TOKYO — Satellite fleet operator Eutelsat on Oct. 11 said its Eutelsat 172B all-electric-propulsion satellite, carrying a high-throughput spot-beam Ku-band payload over Asia for in-flight-connectivity provider Panasonic Avionics, had reached its geostationary-orbit position in record time.
Built by Airbus Defense and Space, the 3,550-kilogram 172B was launched on June 2 in the lower berth of a European Ariane 5 rocket. After initial checkout in its transfer orbit, the firing of its electric-thrusters began on Oct. 8.
The four-month trip “[breaks] the record for the fastest satellite electric orbit raising (EOR),” Eutelsat said.
Operators of satellites in geostationary orbit are moving from chemical to electric propulsion to save hundreds of kilograms of chemical-propellant mass. The weight savings can be used either to add additional revenue-generating payload or to secure a less-expensive launch, whose cost is often based on a satellite’s launch mass.
The downside of electric propulsion is that it takes much longer to push a satellite into its designated orbit, delaying revenue.
The debate now is among different electric-propulsion technologies to determine the optimal mass/time-to-orbit equation.
Yohann Leroy, Eutelsat’s Chief Technical Officer, added: “Eutelsat 172B confirms the relevance of Eutelsat’s early adoption of electric propulsion technology to optimize capex,” Eutelsat Chief Technical Officer Yohann Leroy said in an Oct. 11 statement. “In combining electric propulsion, high-throughput (HTS) capacity, robotic arms and 3D printing techniques, our new satellite also reflects Europe’s capability to push the envelope of innovation in order to increase the competitiveness of our business.
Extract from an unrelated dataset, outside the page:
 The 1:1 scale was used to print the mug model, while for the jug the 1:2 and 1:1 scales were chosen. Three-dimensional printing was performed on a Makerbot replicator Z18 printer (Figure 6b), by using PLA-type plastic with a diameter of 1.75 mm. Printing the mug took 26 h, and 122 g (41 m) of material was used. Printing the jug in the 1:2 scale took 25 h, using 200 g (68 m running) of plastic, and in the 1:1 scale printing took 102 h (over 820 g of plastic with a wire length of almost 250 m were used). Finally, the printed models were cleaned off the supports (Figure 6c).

We look forward to bringing Eutelsat 172B into service next month for our clients in the Asia-Pacific region.”
Chief among those clients is Panasonic Avionics, which is adding to its Pacific Ocean region capacity to serve airline routes.
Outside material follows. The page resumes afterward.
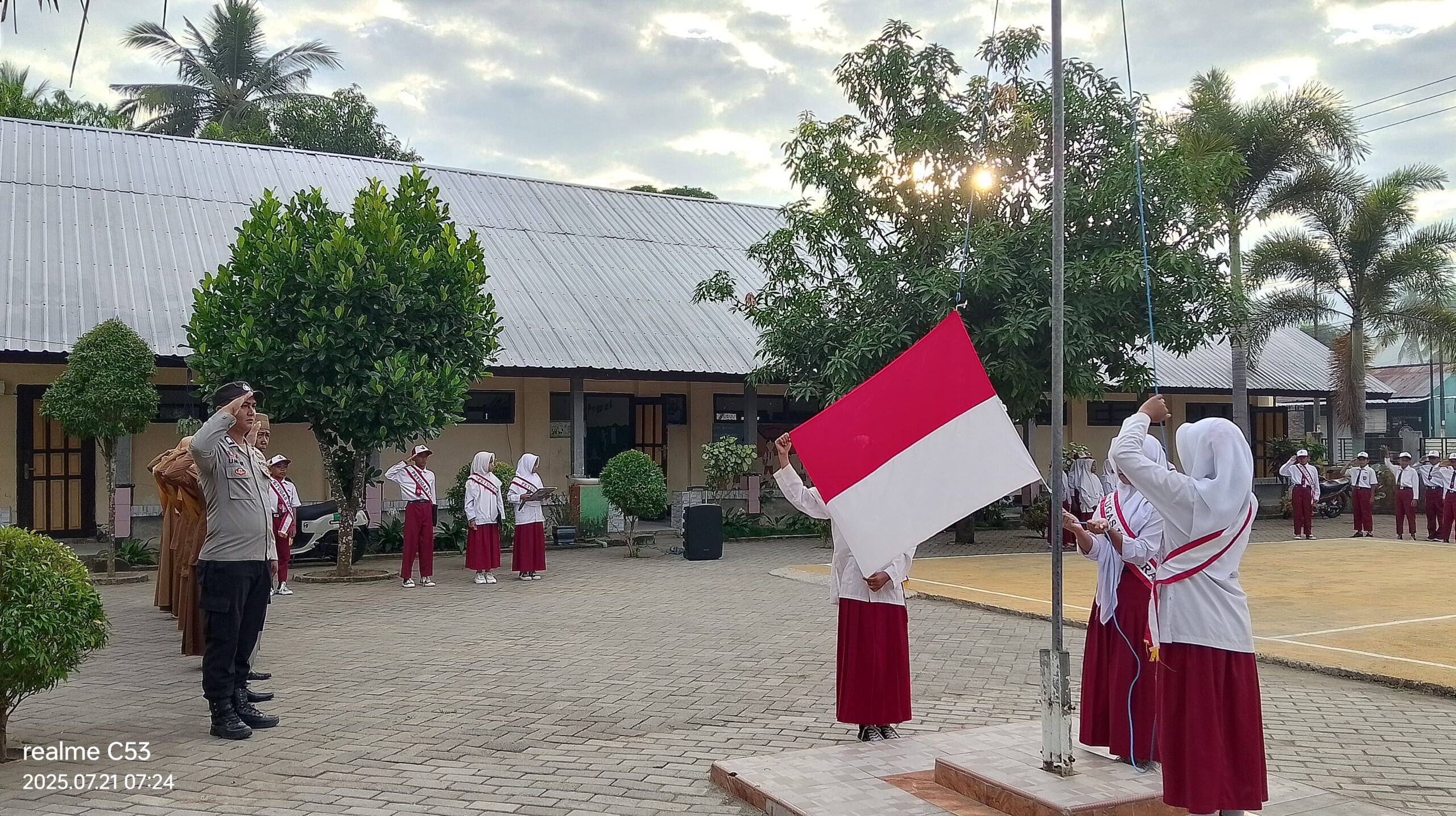 Usai upacara, seluruh murid secara bergiliran berjabat tangan dengan Kepala Sekolah, Bhabinkamtibmas, dan para guru sebagai bentuk penghormatan dan semangat kebersamaan. Dalam kesempatan tersebut, Brigadir Umar Dani menyampaikan pesan kepada para siswa agar senantiasa patuh dan hormat kepada guru, menjaga disiplin, serta tetap semangat dalam menuntut ilmu.

Eutelsat 172B has 11 elliptical beams generating 1.8 Gbps of capacity and 13 Kw of power to its payload. Overlayed on the spot-beam capacity is a Ku-band wide beam that Panasonic will use to provide live TV to its airline customers.
The satellite’s footprint for Panasonic extends from the west coast of North America to Asia and Australia.
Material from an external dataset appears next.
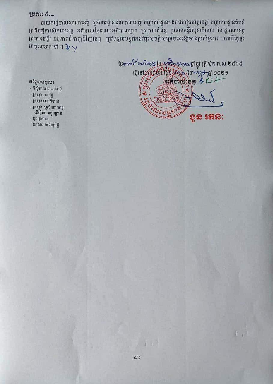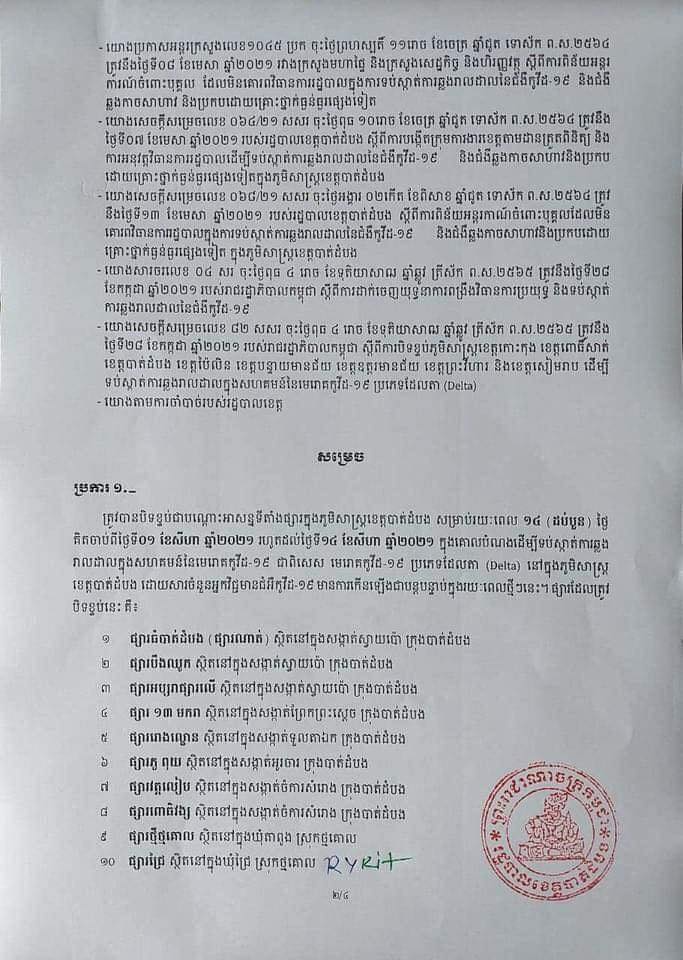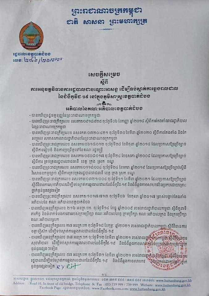 ខេត្តបាត់ដំបង៖ យោងតាមការចុះផ្សាយរបស់ រដ្ឋបាលខេត្តបាត់ដំបង នៅថ្ងៃទី៣១ ខែកក្កដា ឆ្នាំ២០២១ បានចេញសេចក្ដីសម្រេច ស្ដីពីការអនុវត្តវិធានការរដ្ឋបាលជាបណ្ដោះអាសន្ន ដើម្បីទប់ស្កាត់ការឆ្លងរាលដាល នៃជំងឺកូវីដ-១៩ នៅក្នុងភូមិសាស្ត្រខេត្តបាត់ដំបង។

The satellite will replace Eutelsat 172A at 172 degrees east for Eutelsat’s C- and Ku-band services to customers.
The Pacific Ocean region is a major battleground for in-flight-connectivity providers. On a Sept 26 flight from Sydney, Australia, to Los Angeles, a Delta Airlines crew said Gogo’s satellite service was spotty, with intermittent outages.
Panasonic’s David Bruner said here Oct. 10 that Panasonic would have 9 GHz of capacity in service by the end of this year, 80% of which will be HTS capacity.
“[W]ith our system design, operation strategy and the plasma thruster technology we implement, we have completed the fastest electric orbit raising ever from transfer to geostationary orbit, which will allow Eutelsat to put their electric satellite into service in record time”, said Nicolas Chamussy, head of Space Systems at Airbus.